#### BRIEF
Search the entries below. Return every line that has "design" in it.

---------- SOURCE MATERIAL

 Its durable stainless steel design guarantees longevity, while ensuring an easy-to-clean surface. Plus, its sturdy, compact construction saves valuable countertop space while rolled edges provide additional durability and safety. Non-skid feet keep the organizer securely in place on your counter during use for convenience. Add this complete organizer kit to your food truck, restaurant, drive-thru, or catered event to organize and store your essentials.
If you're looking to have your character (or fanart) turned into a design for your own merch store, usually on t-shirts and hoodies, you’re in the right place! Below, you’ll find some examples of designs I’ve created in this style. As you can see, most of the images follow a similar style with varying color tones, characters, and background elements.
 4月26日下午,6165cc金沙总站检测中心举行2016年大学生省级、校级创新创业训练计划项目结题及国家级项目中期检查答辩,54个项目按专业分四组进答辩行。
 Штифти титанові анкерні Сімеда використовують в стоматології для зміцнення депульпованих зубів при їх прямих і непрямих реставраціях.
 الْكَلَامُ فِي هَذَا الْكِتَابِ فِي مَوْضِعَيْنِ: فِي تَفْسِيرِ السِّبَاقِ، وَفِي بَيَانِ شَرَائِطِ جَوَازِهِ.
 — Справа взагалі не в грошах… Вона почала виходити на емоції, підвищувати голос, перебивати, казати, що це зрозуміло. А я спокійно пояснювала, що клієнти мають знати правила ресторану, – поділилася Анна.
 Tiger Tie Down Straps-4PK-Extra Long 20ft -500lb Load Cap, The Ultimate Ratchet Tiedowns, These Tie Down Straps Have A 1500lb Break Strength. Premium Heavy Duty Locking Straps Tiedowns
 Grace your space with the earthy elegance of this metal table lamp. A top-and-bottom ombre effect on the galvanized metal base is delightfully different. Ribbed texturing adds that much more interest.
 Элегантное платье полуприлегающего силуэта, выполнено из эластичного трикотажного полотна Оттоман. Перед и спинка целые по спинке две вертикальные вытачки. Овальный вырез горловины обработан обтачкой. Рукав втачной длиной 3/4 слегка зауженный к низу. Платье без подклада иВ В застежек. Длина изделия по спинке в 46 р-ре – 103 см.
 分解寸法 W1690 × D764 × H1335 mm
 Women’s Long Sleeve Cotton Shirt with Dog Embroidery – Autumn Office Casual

--------------------

#### WRITTEN SOLUTION
 Its durable stainless steel design guarantees longevity, while ensuring an easy-to-clean surface. Plus, its sturdy, compact construction saves valuable countertop space while rolled edges provide additional durability and safety. Non-skid feet keep the organizer securely in place on your counter during use for convenience. Add this complete organizer kit to your food truck, restaurant, drive-thru, or catered event to organize and store your essentials.
If you're looking to have your character (or fanart) turned into a design for your own merch store, usually on t-shirts and hoodies, you’re in the right place! Below, you’ll find some examples of designs I’ve created in this style. As you can see, most of the images follow a similar style with varying color tones, characters, and background elements.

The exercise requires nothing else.